Mr. SCHUMER. Madam President, now on another matter, today in the Energy and Natural Resources Committee, President Biden's nominee to lead the Bureau of Land Management, Tracy Stone-Manning, will receive a vote to advance her nomination to the Senate floor.

While it sometimes flies under the radar, the Bureau of Land Management is responsible for overseeing nearly 250 million acres of public lands and 700 million acres of mineral rights, a vast track of the United States of America. No Agency is more important to the maintenance of public lands for public use. BLM, the Bureau of Land Management, that is, will play a huge role in the fight against climate change as well.

Over the past 4 years under Donald Trump, the Agency abandoned its mission, shrunk public lands, targeted our national monuments, and opened up those beautiful landscapes for corporate industrial development. In short, the next leader of the Bureau of Land Management has a tall order in restoring and protecting America's public lands.

Ms. Stone-Manning is exceedingly qualified to take on this important job. After serving on Senator Tester's and Governor Bullock's staff, she went on to lead the environmental agency in Montana, where she was respected not only by conservationists but by ranchers and fossil fuel interests as well.
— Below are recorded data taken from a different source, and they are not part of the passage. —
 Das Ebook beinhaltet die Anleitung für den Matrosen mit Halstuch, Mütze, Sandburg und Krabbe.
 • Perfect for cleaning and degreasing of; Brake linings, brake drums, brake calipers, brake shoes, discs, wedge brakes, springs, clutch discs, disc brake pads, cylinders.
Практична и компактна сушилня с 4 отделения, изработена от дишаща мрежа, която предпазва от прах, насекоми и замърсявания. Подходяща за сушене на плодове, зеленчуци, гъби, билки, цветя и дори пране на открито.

She developed a reputation as an honest broker, someone who is firm in their principles but always willing to try and build consensus.

Yet the members of the Republican minority on the committee are trying to turn this consensus-driven, well-respected nominee into another partisan flashpoint, dredging up a letter she forwarded while in graduate school and claiming it was evidence that she is ``an echo-

terrorist.'' The claim is just as hysterical as it sounds.
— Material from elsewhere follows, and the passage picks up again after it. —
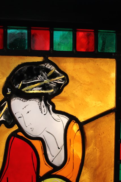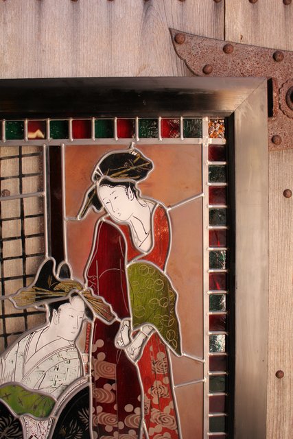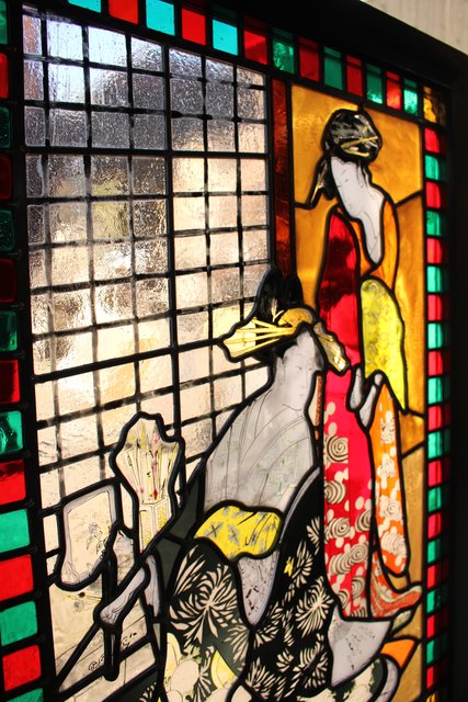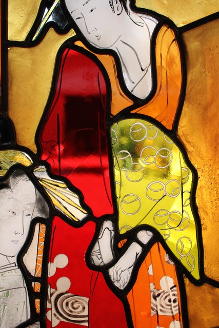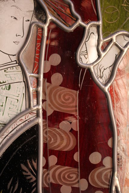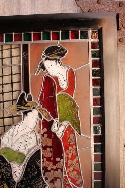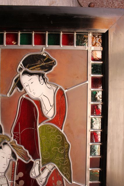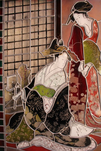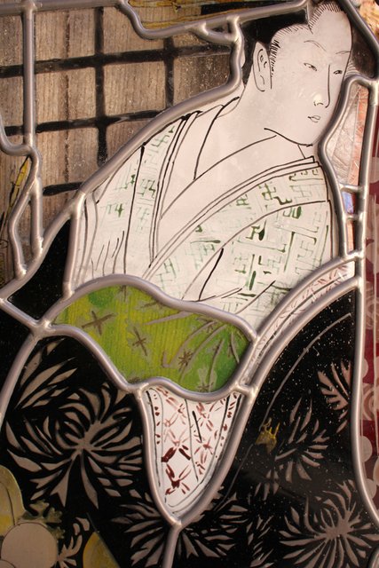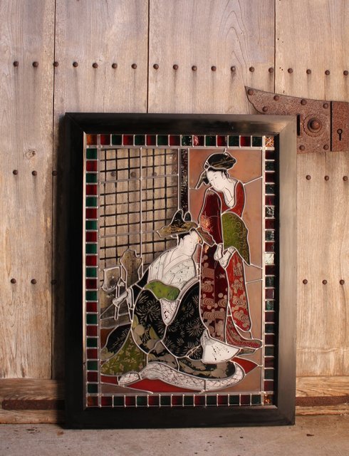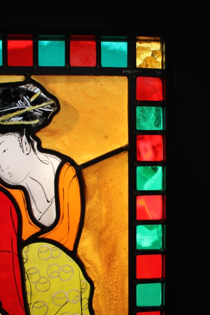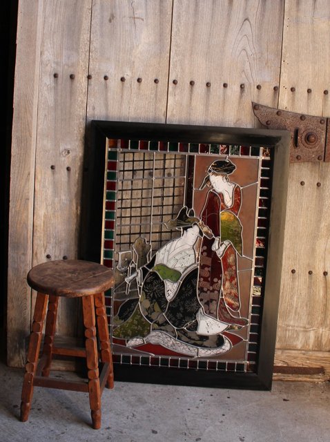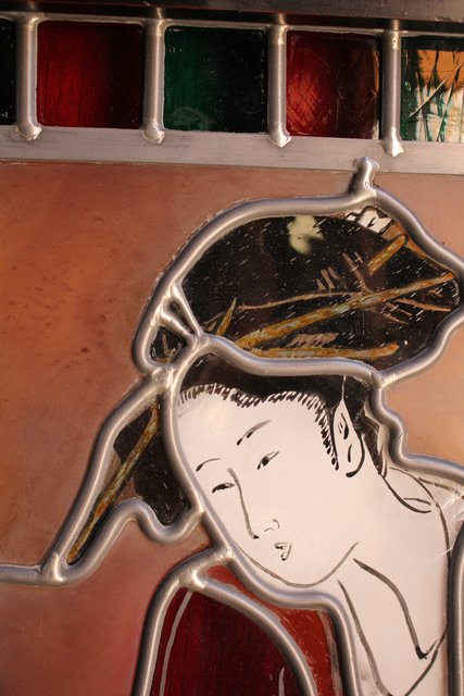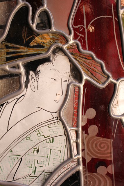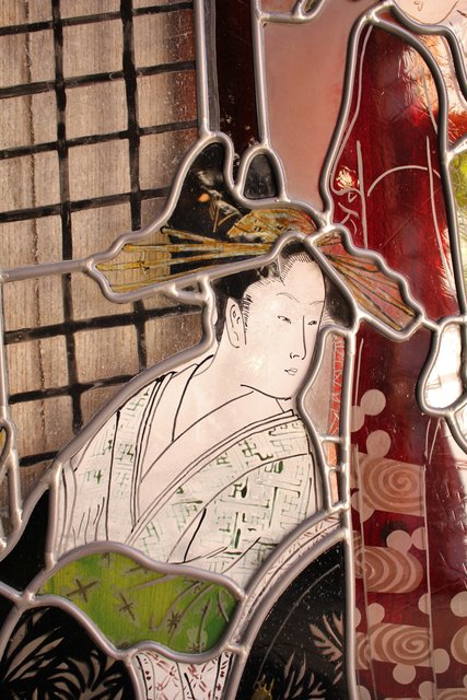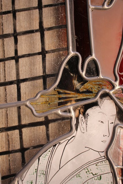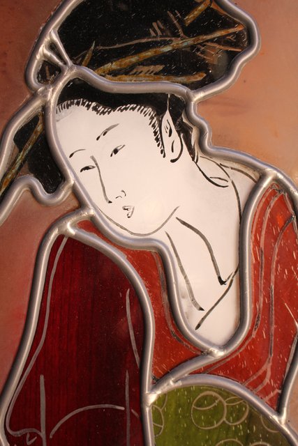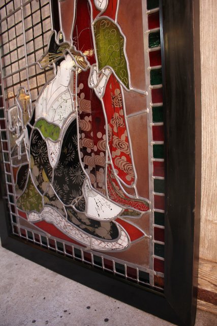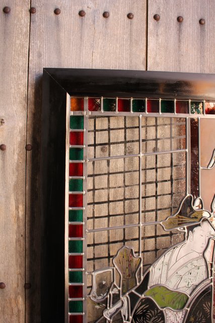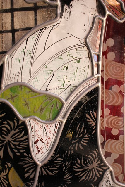 絵付けと腐食硝子の芸者ステンドガラス GD767

Ms. Stone-Manning has the full support of the chair of the committee, the Senator from West Virginia; Mr. Tester, the Senator from Montana; and from me.
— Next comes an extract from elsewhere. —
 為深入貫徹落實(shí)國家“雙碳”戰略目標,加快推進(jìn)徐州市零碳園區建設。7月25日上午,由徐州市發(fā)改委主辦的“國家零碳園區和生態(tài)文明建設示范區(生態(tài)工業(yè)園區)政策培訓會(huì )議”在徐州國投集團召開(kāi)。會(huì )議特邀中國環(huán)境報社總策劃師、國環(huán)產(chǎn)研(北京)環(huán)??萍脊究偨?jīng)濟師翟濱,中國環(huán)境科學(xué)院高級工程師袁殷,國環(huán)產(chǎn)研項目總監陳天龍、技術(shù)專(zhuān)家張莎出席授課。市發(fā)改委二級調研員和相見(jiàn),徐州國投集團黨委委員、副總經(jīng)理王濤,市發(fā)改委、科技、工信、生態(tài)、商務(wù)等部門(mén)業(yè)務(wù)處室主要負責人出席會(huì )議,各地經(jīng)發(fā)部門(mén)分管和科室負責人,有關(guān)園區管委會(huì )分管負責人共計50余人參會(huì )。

We need someone like Ms. Stone-Manning to manage our public lands, a staunch advocate for conservation but also an honest broker, someone who will repair the damage of the last 4 years and be a faithful steward of America's national treasures, someone who understands that conservation policy has a critical role to play in the fight against climate change. Ms. Stone-Manning has all of those qualities, and I look forward to moving her nomination to the Senate floor.

I yield the floor.

I suggest the absence of a quorum.

The ACTING PRESIDENT pro tempore. The clerk will call the roll.

The assistant bill clerk proceeded to call the roll.

Mr. McCONNELL. Madam President, I ask unanimous consent that the order for the quorum call be rescinded.

The ACTING PRESIDENT pro tempore. Without objection, it is so ordered.